The thing is, more of a given product does not necessarily translate into open standards. Take the proprietary Unix scene of the '80s and '90s as an example. Unix today is considered by many to be the embodiment of open IT standards, but back in the day it was anything but the case. Yes, to an extent the systems themselves are open all the way down to the individual binary applications (obviously the binaries are just as open in the case of Linux and the BSDs) but inter Unix communication, hell even the divergence of the run levels and filesystem hierarchies, made cross platform interoperability, not to mention development, a nightmare. The last remaining relic of this era is arguably NIS+.

It's only really in recent years that the *nixs have started to really play nicely together and only because MS took the wind out of the sails of their workstation market with NT, not to mention the fact that, against all odds, BSD lives on. Hell, Linux eating into the Unix server market has done more to open the eyes of the last remaining proprietary Unix vendors then the lost market share due to NT's encroachment.

And there lies my point. In the end, the big boys figured the only way they where going to continue being able to sell their *nixs, products they have poured vast amounts of both time and money into, was to not only market they're obvious power and versatility, but also they're flexibility i.e. the ability to be able to swap one vendor's system for another with a minimum of infrastructure change.

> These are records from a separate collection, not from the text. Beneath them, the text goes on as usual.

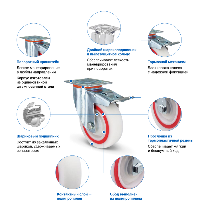 Колесо полипропиленовое с прослойкой из термопластичной резины. Кронштейн выполнен из оцинкованной стали, тип крепления — платформа, есть тормозной механизм. В поворотном узле и оси колеса установлен шариковый подшипник. Основные преимущества EM01MBTM100F — бесшумный и мягкий ход, исключительная устойчивость к ударам и истиранию. Грузоподъемность составляет 140 кг, диаметр — 100 мм. Модель подходит для установки на покупательские тележки и прочее торговое оборудование.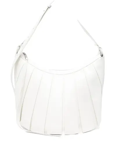 white leather pleated design adjustable top handle top zip fastening logo detail
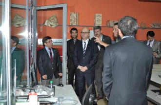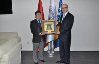 During the meeting respected guest and his hosts have discussed the future cooperation and potential projects and HE Ambassador Erginay expressed his willingness to provide adequate support to the university and its students. After the meeting, Rector Oğurlu gave a campus tour, and showed to the Ambassador Erginay Research and Development Center with its Bioengineering, Genetics, Chemistry, Physics, Mechatronics and Electronics, and computer science laboratories, as well as a large Sports Hall, Art Gallery, highly equipped classrooms, amphitheaters, and many other facilities fully accessible for IUS students and staff.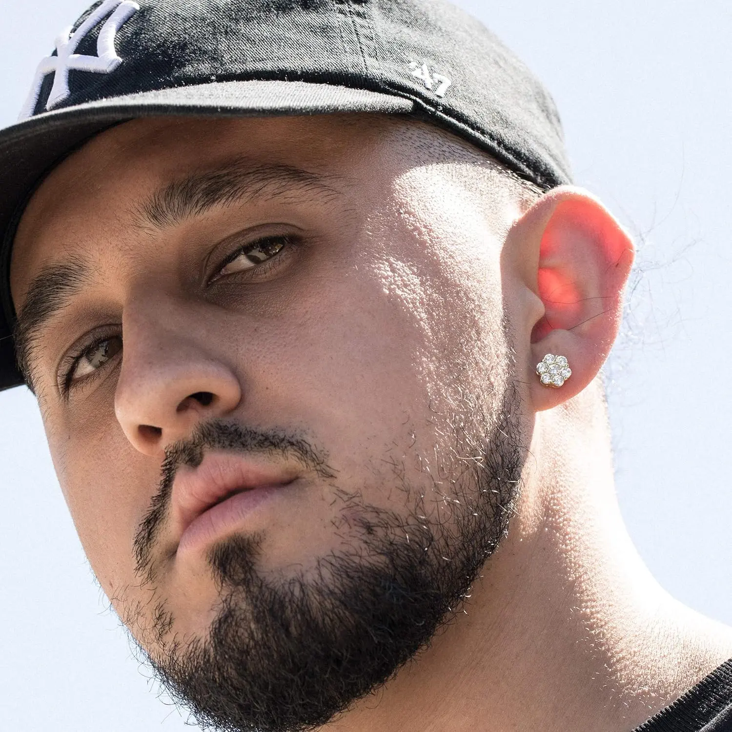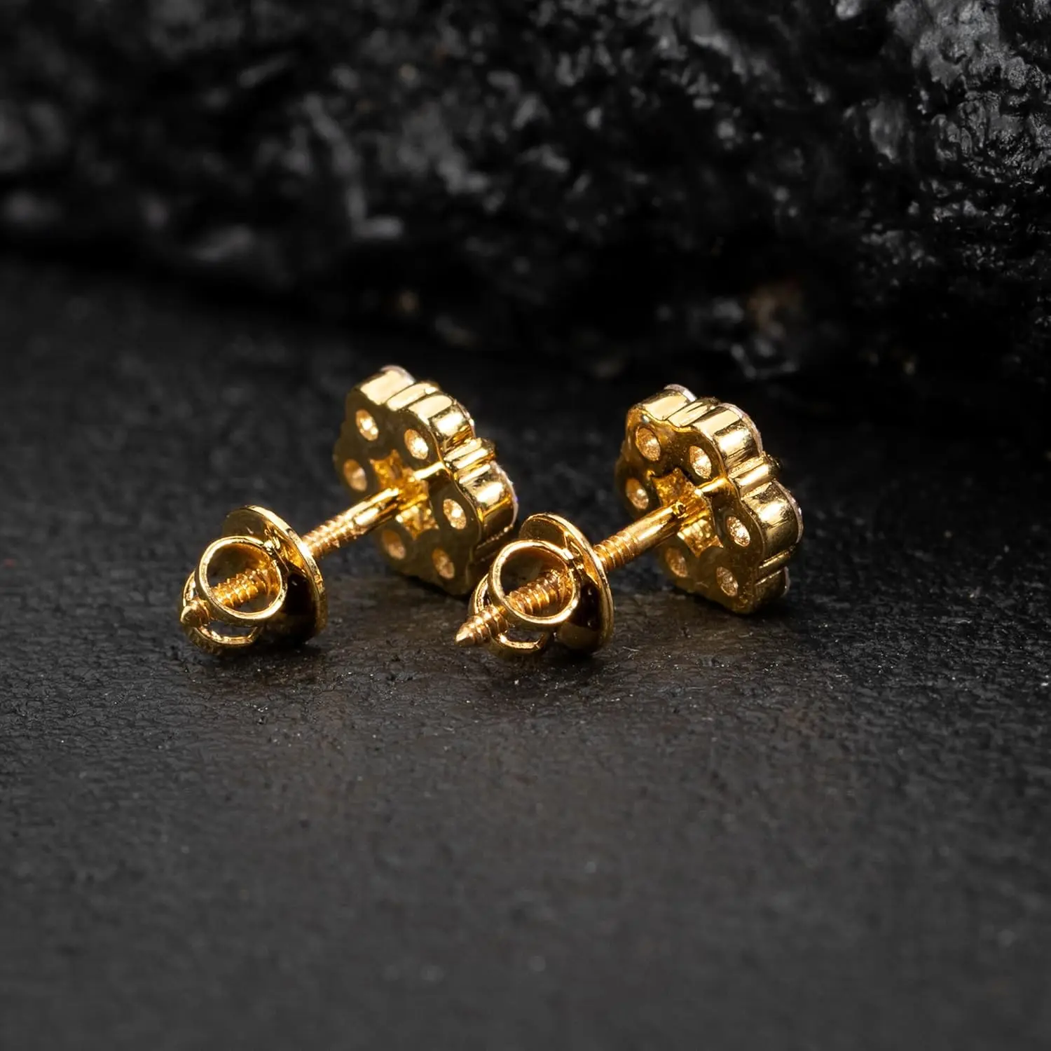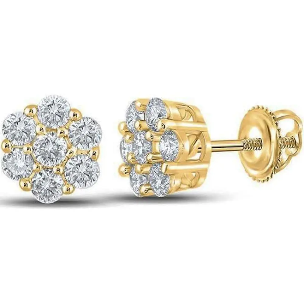 14K Gold Plated Flower Cluster Stud Earrings – Unisex Hip Hop Round Earrings, Iced-Out Style, Screw Back men's valentine's gifts

Customer choice due to the utilization of open standards, something customers could already get from the free *nixs, was what enabled the big Unix vendors to keep their customers by letting their systems compete on a level playing field, at least in my opinion. For that to happen, open standards are a must.

I doubt that anyone can successfully argue against the good that choice in general does for the consumer, but the granularity of that choice is where open standards really shine. Yes, we all have the choice not to use a given PIM application, but if the choice is between using that PIM application, and having to change the PIM server, that's no choice at all.

Mind you, that's just my two cents worth.